Card Flipper: You walk into a room, and see a row of n cards. Each one has a num
ID: 3832211 • Letter: C
Question
Card Flipper: You walk into a room, and see a row of n cards. Each one has a number xi written on it, where i ranges from 1 to n. However, initially all the cards are face down. Your goal is to find a local minimum: that is, a card i whose number is less than or equal to those of its neighbors, xi-1 >= xi <= xi+1. The first and last cards can also be local minima, and they only have one neighbor to compare to. There can be many local minima, but you are only responsible for finding one of them. Obviously you can solve this problem by turning over all n cards, and scanning through them.

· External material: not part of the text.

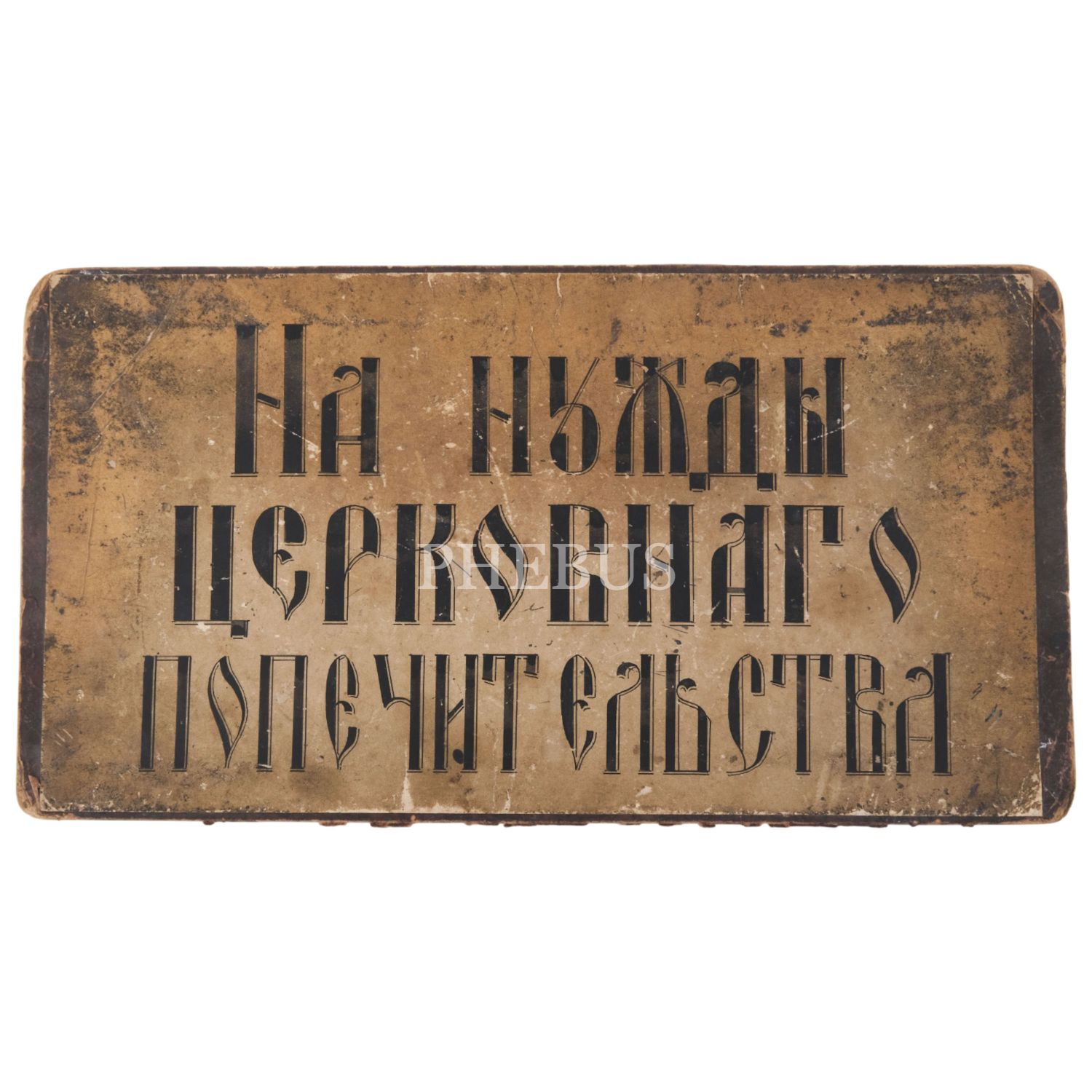 Rusça "Kilise Koruma İhtiyaçları İçin" yazılı bağış kartoneti, 33x18 cm...
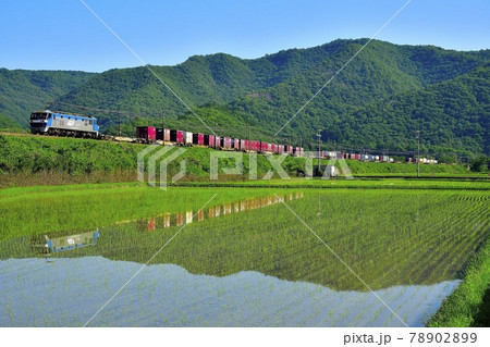 快晴の中、田んぼに映り込みながら走る貨物列車2

However, show that you can find such a minimum by turning over only O(log n) cards.
Explanation / Answer
Binary search is solution for your question. Here, is an idea of how you can implement it in your case :
So the idea is if you know that left neighbor of the center element is < than it, then the left half must be having a local min somewhere, so we can safely Recurse there again and again. The same goes for the right half part.
Said differently, the only way that half of the data will not be having a local min is that if it is either 'monotonic' or Goes up and Back down, both of which can not happen, because we know the end points values.
Also, the runtime is clearly 'log(n)' .
Because, each step take constant time & we have to do log(n) steps only because we cut the data in half each time.